» **DATA**
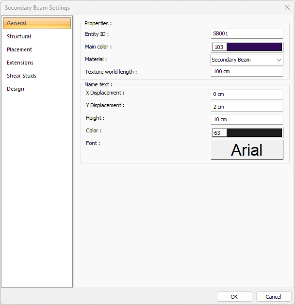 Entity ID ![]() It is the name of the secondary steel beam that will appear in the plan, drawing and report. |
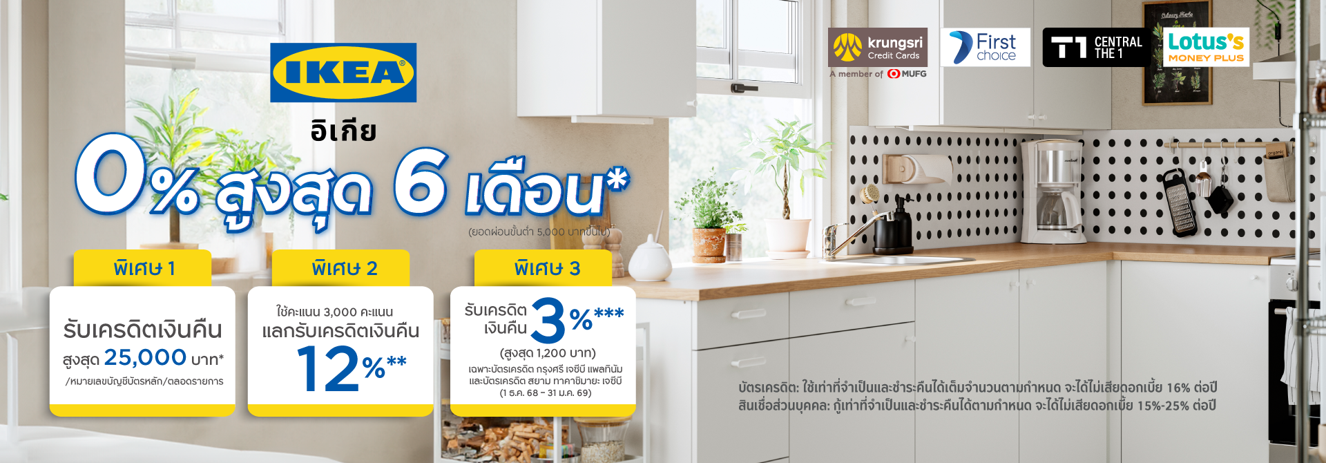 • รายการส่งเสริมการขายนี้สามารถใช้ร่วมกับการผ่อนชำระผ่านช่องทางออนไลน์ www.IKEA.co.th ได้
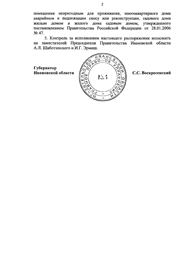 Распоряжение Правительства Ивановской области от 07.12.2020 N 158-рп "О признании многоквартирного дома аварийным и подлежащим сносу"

...

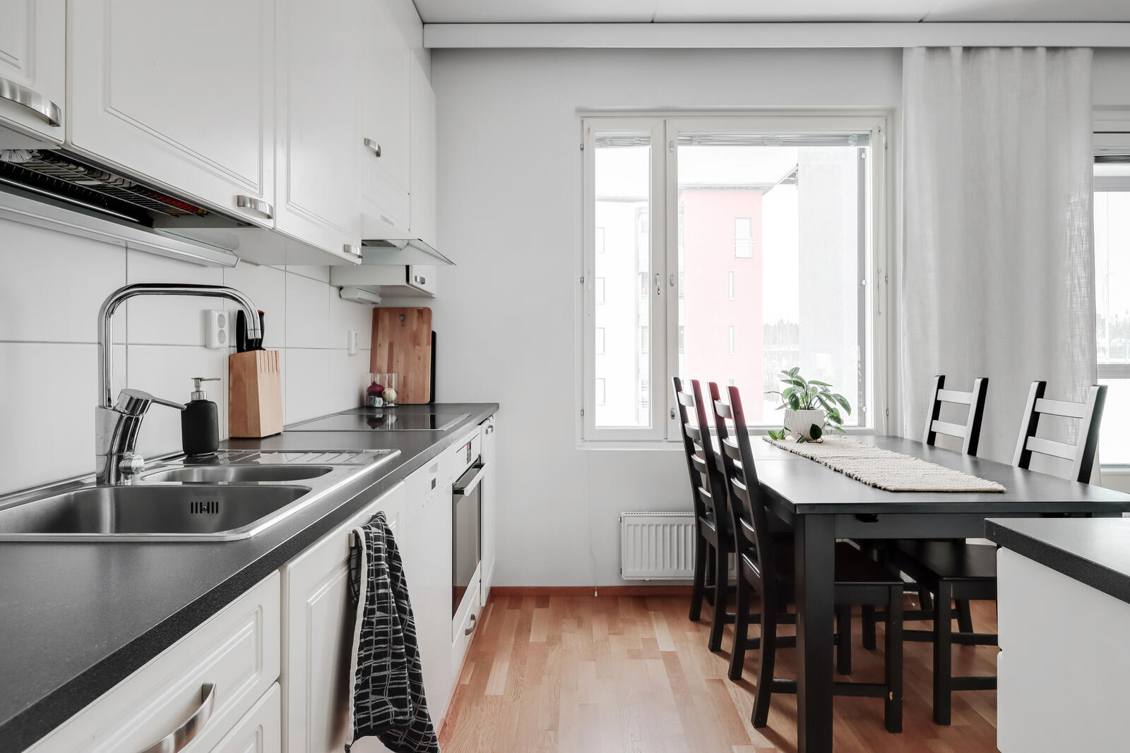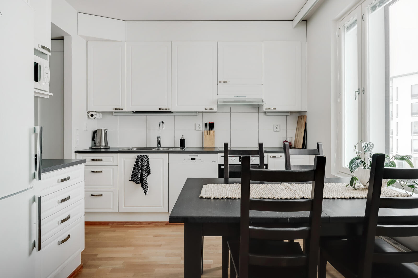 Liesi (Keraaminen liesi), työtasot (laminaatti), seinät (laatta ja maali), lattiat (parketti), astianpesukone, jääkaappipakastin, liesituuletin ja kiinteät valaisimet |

» **WHAT IS REQUIRED**
Copy exactly, without pictures, the lines above from the one with "Entity ID ![]()" down to the one with "Распоряжение Правительства Ивановской", inclusive.

» **ANSWER FOR THIS EXERCISE**
 Entity ID ![]() It is the name of the secondary steel beam that will appear in the plan, drawing and report. |
 • รายการส่งเสริมการขายนี้สามารถใช้ร่วมกับการผ่อนชำระผ่านช่องทางออนไลน์ www.IKEA.co.th ได้
 Распоряжение Правительства Ивановской области от 07.12.2020 N 158-рп "О признании многоквартирного дома аварийным и подлежащим сносу"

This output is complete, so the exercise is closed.